Die österreichische Finanzmarktaufsichtsbehörde (FMA) hat gegen die Bitpanda GmbH eine Geldstrafe in Höhe von 70.000 Euro verhängt. Das Verfahren wurde gemäß § 22 Absatz 2b Finanzmarktaufsichtsbehördengesetz (FMABG) beschleunigt beendet. Grund für die Strafe sind mehrere Verstöße gegen die Verordnung (EU) 2023/1114 über Märkte für Kryptowerte („MiCAR“). Konkret hat die Bitpanda GmbH entgegen §Art. 8 Abs. 1, 5 MiCAR ein Kryptowerte-Whitepaper nicht spätestens 20 Arbeitstage vor dem Tag von dessen Veröffentlichung an die FMA übermittelt.

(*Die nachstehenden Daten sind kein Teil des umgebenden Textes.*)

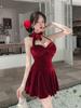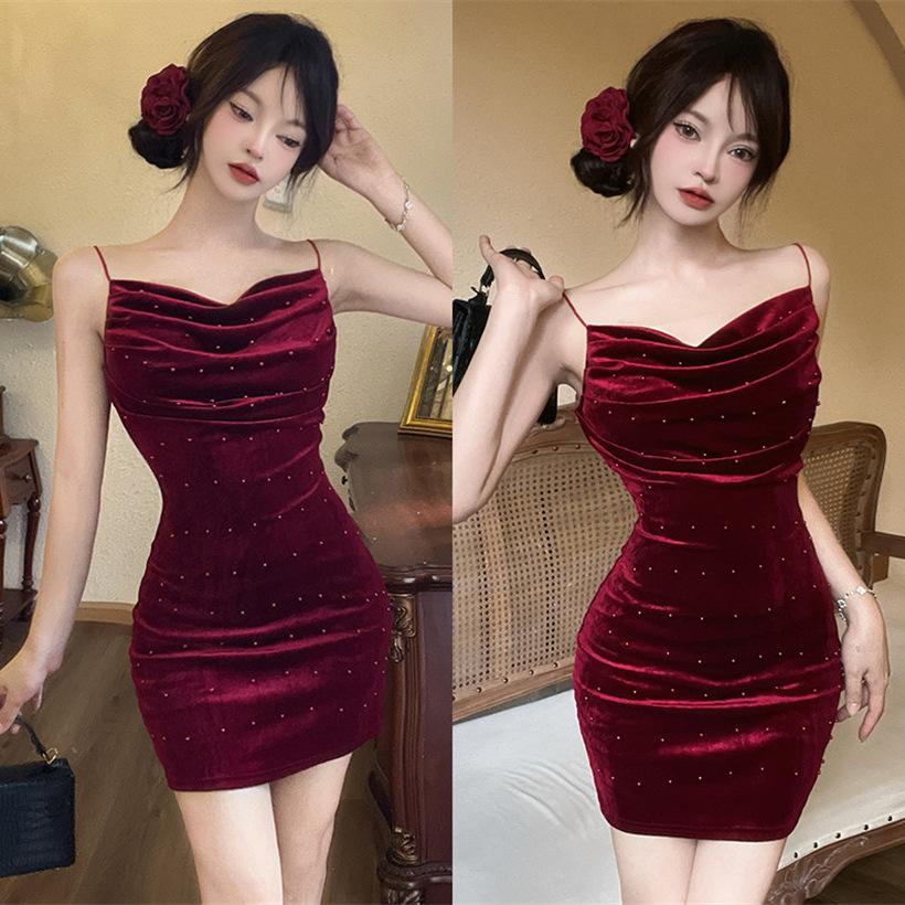 Celebrity temperament velvet suspender dress women's summer atmosphere waist thin bright diamond tube top hip short skirt

Weiters verbreitete die Bitpanda GmbH entgegen Art. 7 Abs. 2 MiCAR eine Marketingmitteilung, ohne zuvor das erforderliche Kryptowerte-Whitepaper veröffentlicht zu haben. Ferner unterließ die Bitpanda GmbH hinsichtlich einer Marketingmitteilung, die in Art. 7 Abs. 1 lit. e MiCAR genannte Erklärung über die fehlende behördliche Prüfung und Genehmigung und Alleinverantwortung des Anbieters sowie gemäß Art. 7 Abs. 1 lit. d MiCAR eine Telefonnummer und eine E-Mail-Adresse aufzunehmen.
Die MiCAR dient der Schaffung eines unionsweit einheitlichen Rechtsrahmens für Kryptowerte und bezweckt insbesondere den Schutz von Anleger:innen sowie die Sicherstellung der Integrität der Kryptomärkte. Das Straferkenntnis ist rechtskräftig.